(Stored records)
= Beginning of Section =

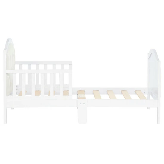 - Features a non-toxic faux leather fabric on the footboard and headboard
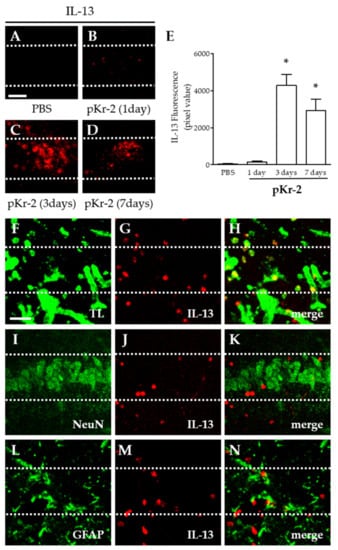 Endogenous expression of IL-13 in the CA1 layer of pKr-2-injected hippocampus in vivo. PBS (A) or pKr-2 (B–D,F–N) was unilaterally injected into the CA1 layer of rat hippocampi. At indicated time points, animals were transcardially perfused and brains were prepared for immunohistochemical staining. (A–E) Immunofluorescence images of endogenous interleukin-13 (IL-13) (A–D) and quantification (E) in the CA1 layer of rat hippocampus at indicated time points. Scale bar, 40 μm. * p < 0.001, significantly different from PBS (control). Mean ± SEM; n = 4 to 6 in each group, ANOVA and Newman–Keuls analysis. (F–N) Double immunofluorescence images of tomato lectin (TL; F, green) for microglia/macrophages and neutrophils and IL-13 (G, red) or NeuN (I, green) for neurons and IL-13 (J, red) or glial fibrillary acidic protein (GFAP; L, green) for astrocytes and IL-13 (M, red) and both images are merged (yellow, H,K,N) in the CA1 layer of hippocampus at 12 h after pKr-2 injection. Scale bar, 25 μm. These data are representative of four to five animals per group. Dotted lines indicate the CA1 layer of the hippocampus.
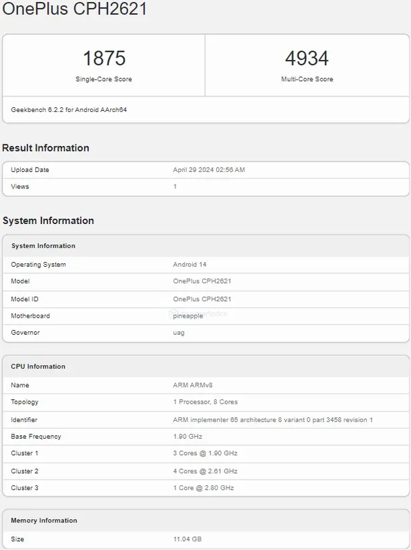W Geekbench, CPH2621, rzekomy OnePlus Nord 4, uzyskał wynik 1,875 w teście jednordzeniowym i 4,934 w teście wielordzeniowym. Testowany prototyp miał 12 GB pamięci RAM, ale oczekuje się, że wersje z większą ilością pamięci RAM będą dostępne w momencie premiery. Urządzenie działa pod kontrolą systemu Android 14, co jest dość oczekiwane. Będzie również dostarczane z systemem OxygenOS 14.
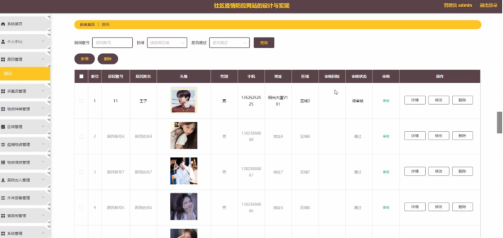 管理员点击居民管理;在居民管理页面对居民账号、居民姓名、头像、性别、手机、地址、区域、审核回复、审核状态、审核等信息,进行查询、新增或删除居民信息等操作;如图5-7所示。
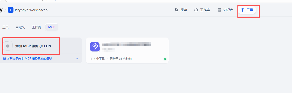 - 进入Dify后台,点击「工具」→「添加MCP服务」,进入配置页面:
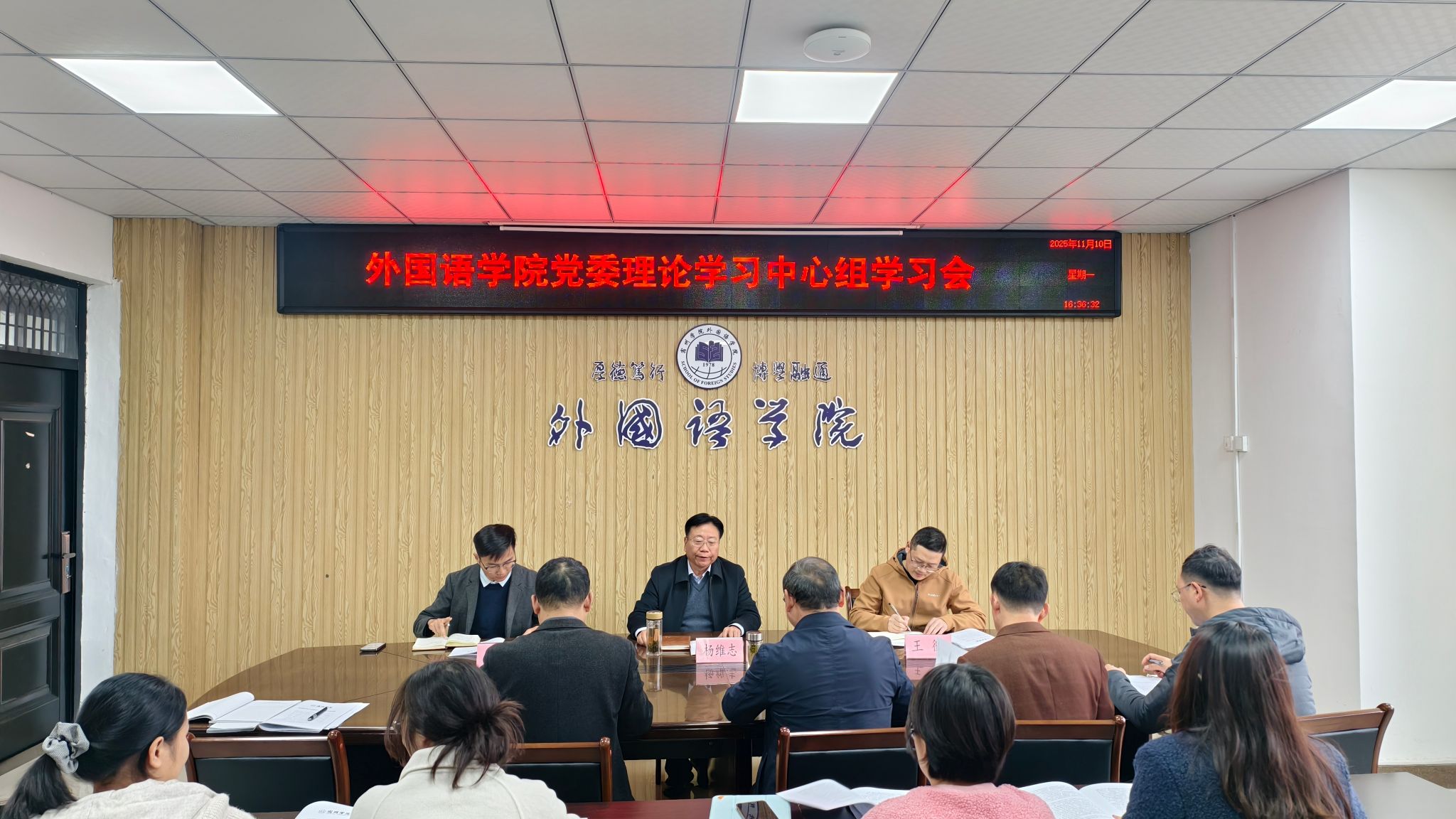 2025年11月10日,外国语学院在逸夫楼318会议室召开11月份党委理论学习中心组学习会。校党委常委、副校长杨维志列席旁听,学院党委理论学习中心组成员、科级干部、党支部书记及辅导员参加会议,会议由学院党委书记王金岭主持。
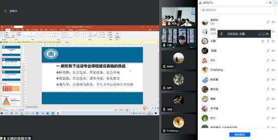 法语系师生开展了主题为“新形势下法语专业课程建设的挑战与应对”的讲座。本次活动由苏昉老师主持,法语系主任张亘老师、资深教师程平老师和程静老师、姜俊钦老师及多名研究生线上参会。此外,来自上海外国语大学、武汉理工大学、华中农业大学、武汉工程大学等高校的二十余位老师和同学在线上参与讲座。
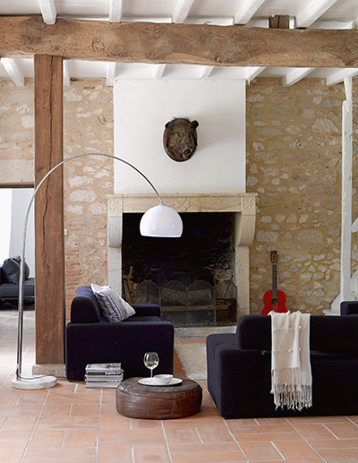 Oude en nieuwe elementen worden in deze ruimte in harmonie met elkaar samengebracht. De combinatie van oude, ruwe elementen en de nieuwe strakke meubels geven deze woonkamer een eigentijds gevoel. Fotografie: Paul Grootes, Styling: Wilma Custers
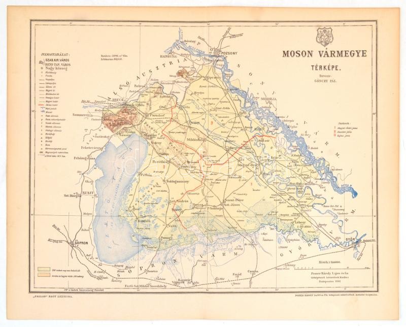 Leírás: 1896 Moson vármegye térképe,1:350.000, tervezte: Gönczy Pál, Pallas Nagy Lexikona, Bp., Posner, 24x30 cm
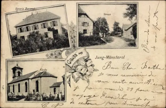 Ak Montreux Jeune Jungmünsterol Elsass Haut Rhin, Kirche, Straße, Epicerie Personal
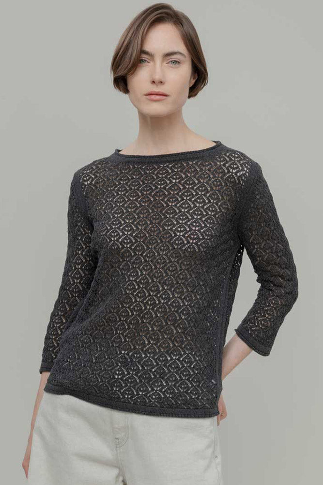 This three-quarter sleeve top will be perfect for summer. Lightweight and with a crocheted texture, it has a vintage feel. It can also be worn layered over a light, fitted shirt, a camisole, or a simple t-shirt.
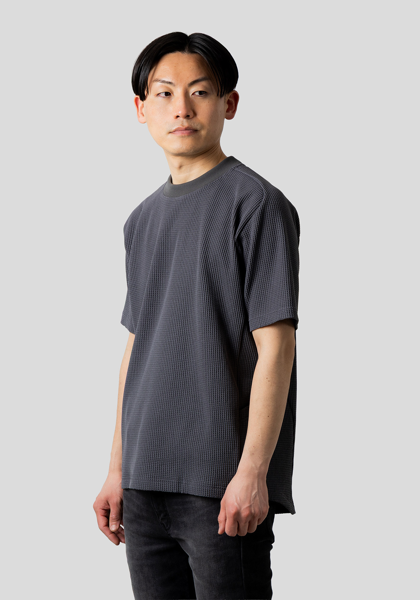 凹凸のあるワッフル組織により無地ながら存在感のある雰囲気に仕上がっており、一般的なTシャツと差別化を図っています。

= End of Section =

- Your objective -
Retype the data exactly; images stay out.

- Solution for this exercise -
 - Features a non-toxic faux leather fabric on the footboard and headboard
 Endogenous expression of IL-13 in the CA1 layer of pKr-2-injected hippocampus in vivo. PBS (A) or pKr-2 (B–D,F–N) was unilaterally injected into the CA1 layer of rat hippocampi. At indicated time points, animals were transcardially perfused and brains were prepared for immunohistochemical staining. (A–E) Immunofluorescence images of endogenous interleukin-13 (IL-13) (A–D) and quantification (E) in the CA1 layer of rat hippocampus at indicated time points. Scale bar, 40 μm. * p < 0.001, significantly different from PBS (control). Mean ± SEM; n = 4 to 6 in each group, ANOVA and Newman–Keuls analysis. (F–N) Double immunofluorescence images of tomato lectin (TL; F, green) for microglia/macrophages and neutrophils and IL-13 (G, red) or NeuN (I, green) for neurons and IL-13 (J, red) or glial fibrillary acidic protein (GFAP; L, green) for astrocytes and IL-13 (M, red) and both images are merged (yellow, H,K,N) in the CA1 layer of hippocampus at 12 h after pKr-2 injection. Scale bar, 25 μm. These data are representative of four to five animals per group. Dotted lines indicate the CA1 layer of the hippocampus.
W Geekbench, CPH2621, rzekomy OnePlus Nord 4, uzyskał wynik 1,875 w teście jednordzeniowym i 4,934 w teście wielordzeniowym. Testowany prototyp miał 12 GB pamięci RAM, ale oczekuje się, że wersje z większą ilością pamięci RAM będą dostępne w momencie premiery. Urządzenie działa pod kontrolą systemu Android 14, co jest dość oczekiwane. Będzie również dostarczane z systemem OxygenOS 14.
 管理员点击居民管理;在居民管理页面对居民账号、居民姓名、头像、性别、手机、地址、区域、审核回复、审核状态、审核等信息,进行查询、新增或删除居民信息等操作;如图5-7所示。
 - 进入Dify后台,点击「工具」→「添加MCP服务」,进入配置页面:
 2025年11月10日,外国语学院在逸夫楼318会议室召开11月份党委理论学习中心组学习会。校党委常委、副校长杨维志列席旁听,学院党委理论学习中心组成员、科级干部、党支部书记及辅导员参加会议,会议由学院党委书记王金岭主持。
 法语系师生开展了主题为“新形势下法语专业课程建设的挑战与应对”的讲座。本次活动由苏昉老师主持,法语系主任张亘老师、资深教师程平老师和程静老师、姜俊钦老师及多名研究生线上参会。此外,来自上海外国语大学、武汉理工大学、华中农业大学、武汉工程大学等高校的二十余位老师和同学在线上参与讲座。
 Oude en nieuwe elementen worden in deze ruimte in harmonie met elkaar samengebracht. De combinatie van oude, ruwe elementen en de nieuwe strakke meubels geven deze woonkamer een eigentijds gevoel. Fotografie: Paul Grootes, Styling: Wilma Custers
 Leírás: 1896 Moson vármegye térképe,1:350.000, tervezte: Gönczy Pál, Pallas Nagy Lexikona, Bp., Posner, 24x30 cm
 Ak Montreux Jeune Jungmünsterol Elsass Haut Rhin, Kirche, Straße, Epicerie Personal
 This three-quarter sleeve top will be perfect for summer. Lightweight and with a crocheted texture, it has a vintage feel. It can also be worn layered over a light, fitted shirt, a camisole, or a simple t-shirt.
 凹凸のあるワッフル組織により無地ながら存在感のある雰囲気に仕上がっており、一般的なTシャツと差別化を図っています。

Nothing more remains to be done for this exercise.